Technical specification structure type
This structure type is used for Russian technical specifications analysis (“техническое задание”).
You can see the example
of the document of this structure type.
We consider documents that have some common template:
The document starts with a title.
After document title there may be a table of contents (it may be absent).
After TOC or the document title (if there isn’t TOC) the content of the document starts with a header.
As a rule, headers are numbered.
- There are the following line types in the technical specification structure type:
root;
toc;
toc_item;
body;
part;
named_item;
item;
raw_text.
An exemplary format schema looks as follows:

An exemplary schema of the diploma structure type
The grey rectangles mean auxiliary nodes with empty text.
In the following description we will speak about the node depth inside the document tree as a node importance. The closer the node is to the document tree root, the more important it is.
The detailed description of each line type:
root: node containing the text of the document title.
There is only one root node in any document. It is obligatory for any document of diploma type. All other document lines are children of the root node.
toc: header of the TOC (Table of contents).
There is only one toc node (if present) in any document. The node of this type contains text like “Содержание”. The toc node is less important than root, has the equal depth as body and more important than the rest of the nodes. The toc node is optional – there are cases when documents don’t have a TOC.
toc_item: one item of the Table of contents.
It contains the header text and the page where it is located. All toc_item nodes are children of the toc node, i.e. are less important. The toc_item is an optional node, it occurs along with the toc node.

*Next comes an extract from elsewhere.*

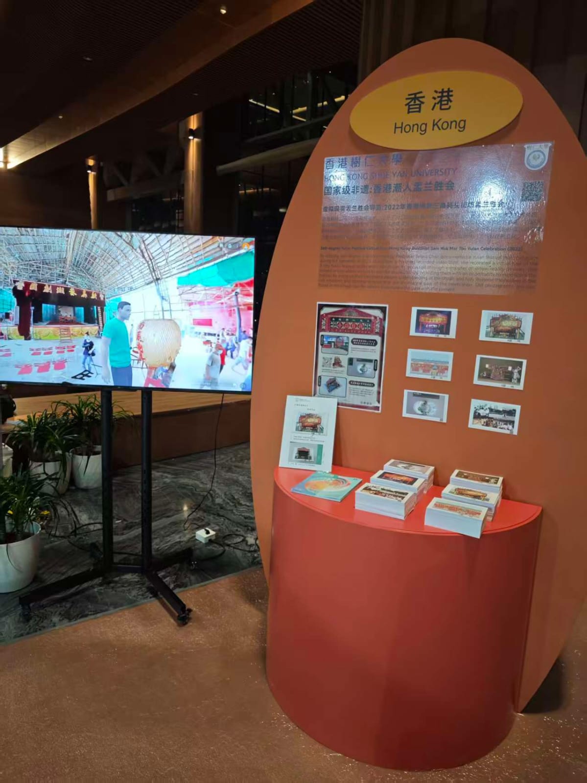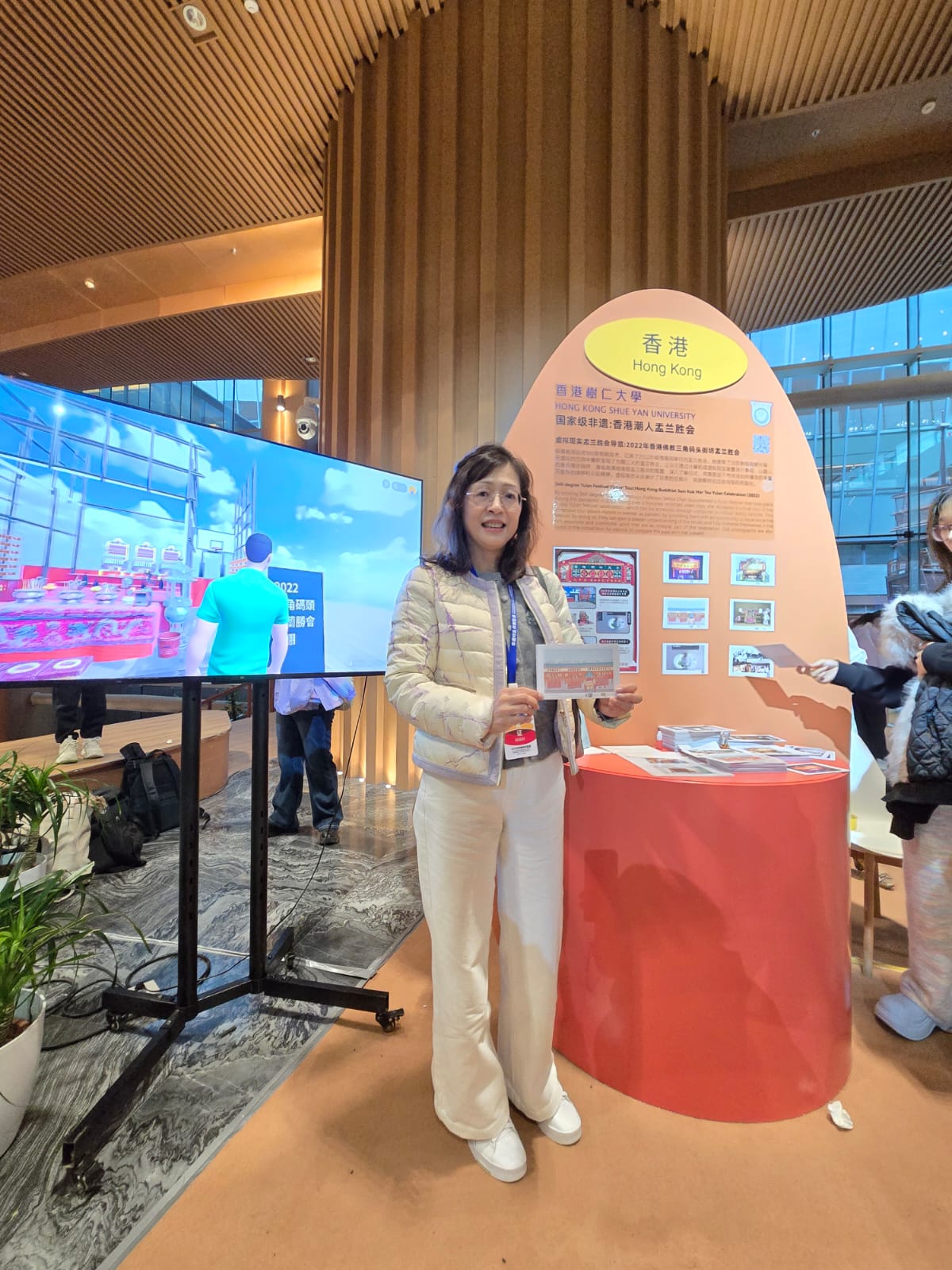 為期五天的展覽期間,陳蒨教授利用創新的數碼化展示方式——虛擬導覽系統(Virtual Tour)、虛擬博物館(Virtual Museum)和擴增實境(AR)明信片,向國際觀眾呈現這傳統民俗活動的深厚文化內涵。此外,她又與仁大社會學系陳麗碧教授和柯平川博士在專題展區現場,親身解說非遺數碼化保護領域的前沿成果。專題展區的亮點是虛擬導覽系統與虛擬博物館,特別研發的AR明信片吸引參觀者駐足體驗。這些明信片記錄2023年尖沙咀官涌街坊盂蘭勝會的神棚、經師棚、戲棚等場景。通過手機掃描二維碼,傳統的戲棚、神棚和紮作藝術以立體動態形式呈現在觀眾眼前,實現科技與傳統文化的完美融合。這種創新展示方式不僅讓古老文化遺產以嶄新形式獲得新生,更充分展現仁大在數碼人文領域的創新能力和學術實力,為非物質文化遺產的當代傳承提供了創新範式。
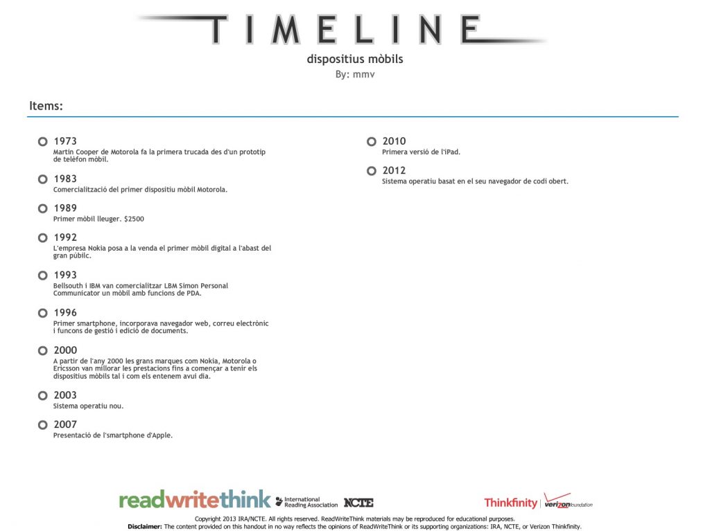 Vaig trobar interessant poder aprofitar la reflexió del mòdul 5 per utilitzar alguna App desconeguda.  Com que el que més m’ha cridat l’atenció del mòdul 5 és l apart de la història dels dispositius mòbils, he buscat una App per fer un fris cronològic. aixií doncs, he utilitzat una App cercada a través de ToolboxRWT Timeline.

body: node containing the rest of the document content.
There is only one body node in any document. It is obligatory for any document of technical specification type. This is an auxiliary node with empty text, it is nested in the root node along with a table of contents (toc node). All of the rest document lines (except root and toc) are children of the body node.
part: header node of great importance.
If the document header differs greatly from the most of other body text lines (by font size, capital letters), it has this type. It is optional, because if headers don’t differ greatly, other types are used (named_item ot item). Nodes of part type are nested in the body node and are more important than the rest of body nodes (named_item, item, raw_text).
named_item: header node that visually differs from the rest of textual lines.
If the text is a document header (is an element of dotted list, is highlighted by bold font, capital letters, etc.), it has this type. It is optional, because if headers aren’t visually highlighted, item type is used. Nodes of named_item type are nested in the part or body (if parts are absent) nodes and are more important than item and raw_text nodes.
item: header node with numeration or an element of any list.
The text of item nodes consists of numeration only, e.g. “1)”. The rest of the line’s text is located in the nested raw_text node. Nodes of item type are nested in the named_item, part (if named_item nodes are absent) or body (if part, named_item nodes are absent) nodes and are more important than raw_text nodes.
raw_text: node referring to a simple document line.
It has the least importance in the document tree hierarchy, so it is situated in the leaves of the tree. It is nested to the node corresponding the previous line with more important type.